476936 1669022662.246764 poll([{fd=3, events=POLLIN}, {fd=5, events=POLLIN|POLLERR|POLLNVAL}], 2, 200) = 1 ([{fd=5, revents=POLLIN}])
476936 1669022662.247721 ioctl(5, SNDRV_PCM_IOCTL_STATUS_EXT, 0x7f70e2810f88) = 0
476936 1669022662.247884 ioctl(5, SNDRV_PCM_IOCTL_HWSYNC, 0x98) = -1 EPIPE (Broken pipe)
476936 1669022662.248019 ioctl(5, SNDRV_PCM_IOCTL_PREPARE, 0) = 0
476936 1669022662.248112 poll([{fd=3, events=POLLIN}, {fd=5, events=POLLIN|POLLERR|POLLNVAL}], 2, 200) = 0 (Timeout)
476936 1669022662.448722 write(1, "Die! A backend-specific error has occurred: `alsa::poll()` spuriously returned\n", 79) = 79
476936 1669022662.449074 poll([{fd=3, events=POLLIN}, {fd=5, events=POLLIN|POLLERR|POLLNVAL}], 2, 200) = 0 (Timeout)
476936 1669022662.649849 write(1, "Die! A backend-specific error has occurred: `alsa::poll()` spuriously returned\n", 79) = 79
476936 1669022662.650342 poll([{fd=3, events=POLLIN}, {fd=5, events=POLLIN|POLLERR|POLLNVAL}], 2, 200) = 0 (Timeout)
476936 1669022662.851166 write(1, "Die!

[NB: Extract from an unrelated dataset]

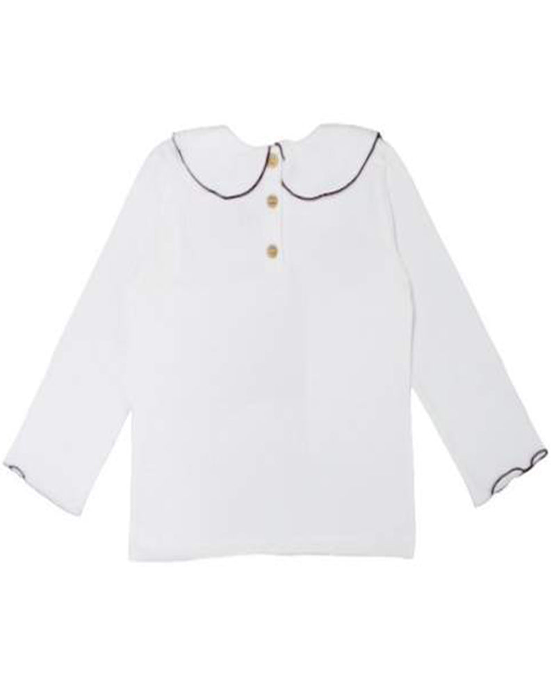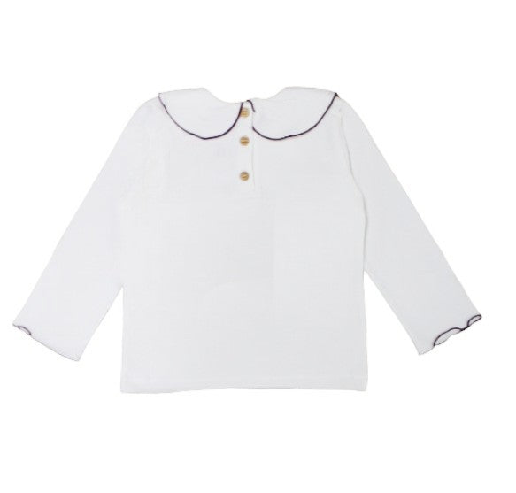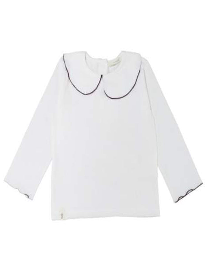 T-shirt manica lunga, colletto tondo con olro a contrasto, chiusua sul retro.

A backend-specific error has occurred: `alsa::poll()` spuriously returned\n", 79) = 79
In this scenario I no longer get any data callbacks, instead I get error callback periodically (poll timeout).

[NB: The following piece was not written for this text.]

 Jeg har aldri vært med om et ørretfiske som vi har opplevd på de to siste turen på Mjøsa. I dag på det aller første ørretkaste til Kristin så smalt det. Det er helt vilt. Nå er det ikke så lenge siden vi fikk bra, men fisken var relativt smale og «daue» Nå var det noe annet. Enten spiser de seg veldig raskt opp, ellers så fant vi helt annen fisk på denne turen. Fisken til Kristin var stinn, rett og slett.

I believe the problem is here:
https://github.com/RustAudio/cpal/blob/7776c6634a8e21e2a585358545141fe091c38320/src/host/alsa/mod.rs#L604-L609
The call to prepare()
passes OK, but the stream is stopped - according to ALSA, this call changes the state to SND_PCM_STATE_PREPARED
, there also need to be a call to start()

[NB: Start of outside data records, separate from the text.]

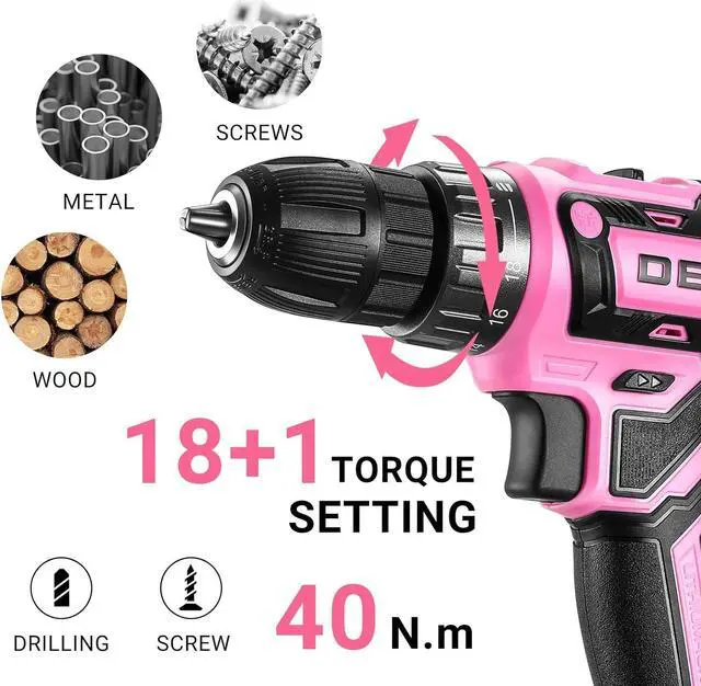 20V Electric DrillThis electric drill cordless has two Variable Speed (0-350/0-1350 rpm) and 18+1 torque settings.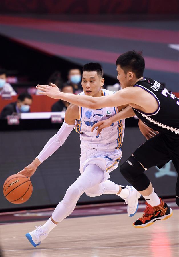 6月20日,北京首钢队球员林书豪(左)在比赛中带球突破。 当日,在山东青岛国信体育馆进行的2019-2020赛季中国男子篮球职业联赛(CBA)复赛第一阶段比赛中,北京首钢队对阵辽宁本钢队。 新华社记者 李紫恒 摄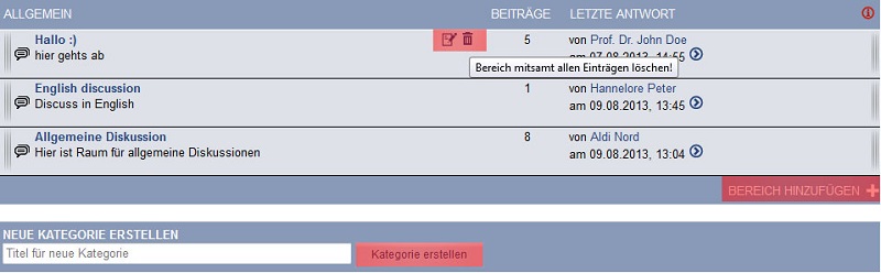 Choose a name for your categorie and click „Kategorie erstellen” to create your categorie. The default categories neither be edited nor be deleted. Default categories are displayed with a red “i” symbol ( Attach:info-circle.png Δ ). Other categories on the other hand can be edited and deleted entirely. To do so just click “Name der Kategorie ändern” or “Kategorie entfernen” on the top right corner of the categorie.

to transition to SND_PCM_STATE_RUNNING
and re-enable data flow.
I'm a bit confused here about what is the intended cpal
behavior here:
- should I assume that stream is broken when my error callback is called for the first time, drop the
Stream
and create a new one? In such case I believecpal
should do some cleanup (e.g. stop the polling loop). - should I assume that the error is temporary and the data flow will continue? In such case
start()
call is missing.
- The third scenario is when
ioctl(SNDRV_PCM_IOCTL_READI_FRAMES)
fails withEPIPE
:
476728 1669022521.635527 poll([{fd=3, events=POLLIN}, {fd=5, events=POLLIN|POLLERR|POLLNVAL}], 2, 200) = 1 ([{fd=5, revents=POLLIN}])
476728 1669022521.636362 ioctl(5, SNDRV_PCM_IOCTL_STATUS_EXT, 0x7f8b2368af88) = 0
476728 1669022521.636521 ioctl(5, SNDRV_PCM_IOCTL_HWSYNC, 0x98) = 0
476728 1669022521.636681 ioctl(5, SNDRV_PCM_IOCTL_READI_FRAMES, 0x7f8b2368b760) = -1 EPIPE (Broken pipe)
476728 1669022521.636777 write(1, "Die! A backend-specific error has occurred: ALSA function 'snd_pcm_readi' failed with error 'EPIPE: Broken pipe'\n", 113) = 113
476728 1669022521.636823 poll([{fd=3, events=POLLIN}, {fd=5, events=POLLIN|POLLERR|POLLNVAL}], 2, 200) = 1 ([{fd=5, revents=POLLIN|POLLERR}])
476728 1669022521.636860 poll([{fd=3, events=POLLIN}, {fd=5, events=POLLIN|POLLERR|POLLNVAL}], 2, 200) = 1 ([{fd=5, revents=POLLIN|POLLERR}])
476728 1669022521.636892 poll([{fd=3, events=POLLIN}, {fd=5, events=POLLIN|POLLERR|POLLNVAL}], 2, 200) = 1 ([{fd=5, revents=POLLIN|POLLERR}])
Here, the error from process_input()
is properly delivered to my error callback, but then we enter the tight loop scenario, due to POLLERR
not being recognized.
Just a quick note that I ran in to this issue as-well. I was getting constant ALSA lib pcm.c:8545:(snd_pcm_recover) "overrun" occurred
errors. I changed the code to add the suggested:
PollDescriptorsFlow::XRun => {
if let Err(err) = stream.channel.prepare() {
error_callback(err.into());
}
if let Err(err) = stream.channel.start() {
error_callback(err.into());
}
continue;
}
And it seems to work fine now. I still get the overruns, but it gracefully continues. I am running on a raspberry PI zero w with the respeaker 2mic board attached.
I have moved away from CPAL altogether. My application only needs to work on Linux (Windows was a nice-to-have feature), and I only need a simple record capability (and I also use Respeaker!).
I decided to switch to raw alsa, which solved all my problems. I was initially afraid of the low-level interface, but it turned out surprisingly easy.